0
votes

I am working on a project which involves indexing files using Apache Lucene. While I am successfully able to index the files using Lucene but when I see the result, I get many abrupt words probably because I am not removing stop words while indexing.

I read on web that Lucene provides a way to remove the stop words while indexing files. How can I do that?

2
My answer describes how stop words work, and hopefully that helps, but based on your description of the problem, I'm not entirely confident that stop words are your problem. I don't know what results you are referring to when you say you "see the result", nor do I know what "abrupt words" are. If stop words don't turn out to be the problem, a more detailed description of the problem your seeing, preferrably with examples, might help solve it.femtoRgon

2 Answers

1
votes

Lucene's StandardAnalyzer includes a StopFilter that removes some typical stop words from anything passed through it.
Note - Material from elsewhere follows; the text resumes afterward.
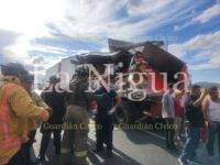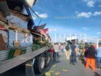 La colisión se registró cuando el camión de pasajeros se impactó de frente en la parte posterior de un camion tipo quinta Rueda que transportaba cajas de cartón de una empresa cervecera

The standard list of english stop words is pretty short; some articles, pronouns and prepositions, mainly.

If you wish to define your own set of StopWords, the StandardAnalyzer has a couple of constructors allowing ou to pass in your own set of stop words, and particularly, this one. Simply create a CharArraySet containing the desired stop words, and pass it into that constructor and your on your way.

I believe most other typical analyzers have a constructor accepting the same arguments as well (at a glance, it looks like almost all of the language analyzers in analyzers-common follow that pattern)

Of course, be sure and use the same analyzer for both indexing and searching.

0
votes

If you will use standard analyzer or stop analyzer then stop words like "on, a, an, the" will automatically removed from indexing and you cannot perform searching with stop words. If you want to perform searching with stop words also like "was, is, on" you have to use whitespace analyzer or simple analyzer.